Mortgage Crisis
The bungled politics of bank bashing
The federal government finally accuses Wall Street of mortgage fraud, and then buries the news
President Obama Last Friday, right before a three-day weekend, the Federal Housing Finance Agency filed 17 lawsuits accusing a motley crew of some of the biggest financial institutions in the United States of fraudulently misrepresenting the value of mortgage-backed securities. Pick any one of the lawsuits, for example, the complaint against Merrill Lynch, and you will read language sure to get the heart pumping of any American still seething at the role Wall Street played in precipitating the Great Recession:
These securities were sold pursuant to registration statements, including prospectuses and prospectus supplements that formed part of those registration statements, which contained materially false or misleading statements and omissions. Defendants falsely represented that the underlying mortgage loans complied with certain underwriting guidelines and standards, including representations that significantly overstated the ability of the borrowers to repay their mortgage loans.
To most people who have followed the mortgage crisis closely from the beginning, the FHFA would seem to have a slam-dunk case. As Felix Salmon pithily summarizes: “These banks lied to investors when they put together mortgage securitizations.” The evidence is simply overwhelming — the only real question here is why the government hasn’t moved more quickly to call the banks to account.
But listen to the industry response! Paul Miller, a former bank examiner now working as an analyst for FBR Capital Markets & Co., declared in a research note that it was time to “stop punishing banks.” Demanding that the banks make restitution for the losses would hurt the economy, he argued.

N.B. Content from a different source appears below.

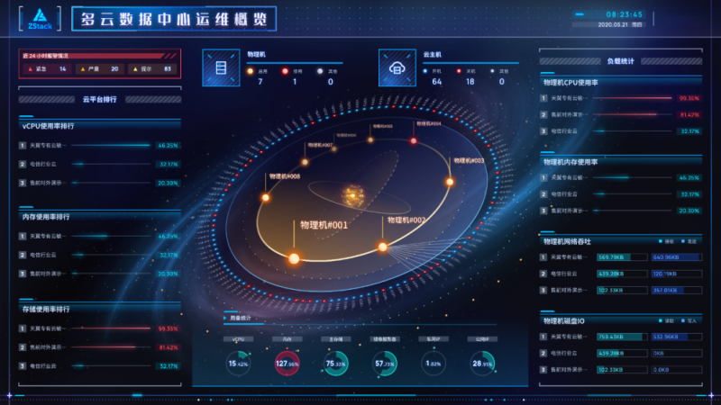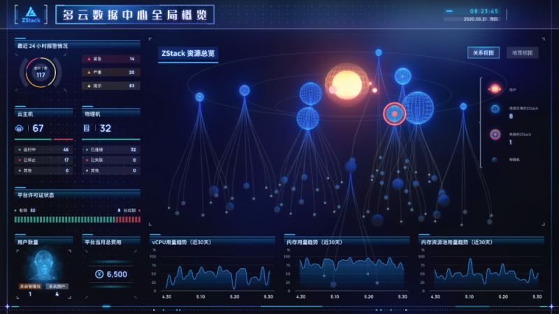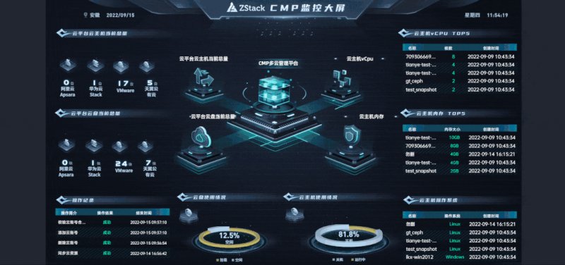 近日,云轴科技(ZStack)基于ZStack CMP多云管理平台重磅推出数据可视化大屏解决方案,主要针对大屏的功能规划、业务场景提炼、及数据可视化设计进行了一系列优化完善,进一步提高云平台在运维、运营两大方面的用户体验,让用户管云更简单、看云更容易、用云更高效!

The Federal Housing Finance Authority is “reacting in their own self-interest as opposed to that of the broader U.S. economy,” Miller wrote. Their claims “drain capital from the banking system, and they cause banks to overly tighten credit standards, which pushes potential home buyers onto the sidelines.”
Securities analyst Richard Bove warned that the lawsuits proved that the U.S. government “is committed to breaking up the banking industry.”
The audacity! Talk about your all-purpose, gilt-edged get-out-of-jail-free cards! The U.S. government should refrain from punishing the malefactors who brought down the economy, because doing so would negatively hamper the economy! And even better, the Obama administration, which helped to inspire Tea Party anger and alienated its own left-wing base by moving heaven and earth to keep the banking industry intact, is now supposedly “committed” to breaking up the banking industry.
If only!
The economy argument simply doesn’t hold water. First of all, banks have already tightened their credit standards and are reluctant to make loans. If they wouldn’t make loans when their profits were high, the government needn’t worry over much about the effect that draining more capital from the banking system might have. But secondly, there is no way that legal action on this scale will be resolved in any kind of short-term time frame. Goldman Sachs, Citigroup and Bank of America will have access to the best legal teams money can by, and any resolution will likely take years, by which point, one hopes, the economy will be on sounder footing, and the banks will be able to pay their fines without causing undue economic sabotage.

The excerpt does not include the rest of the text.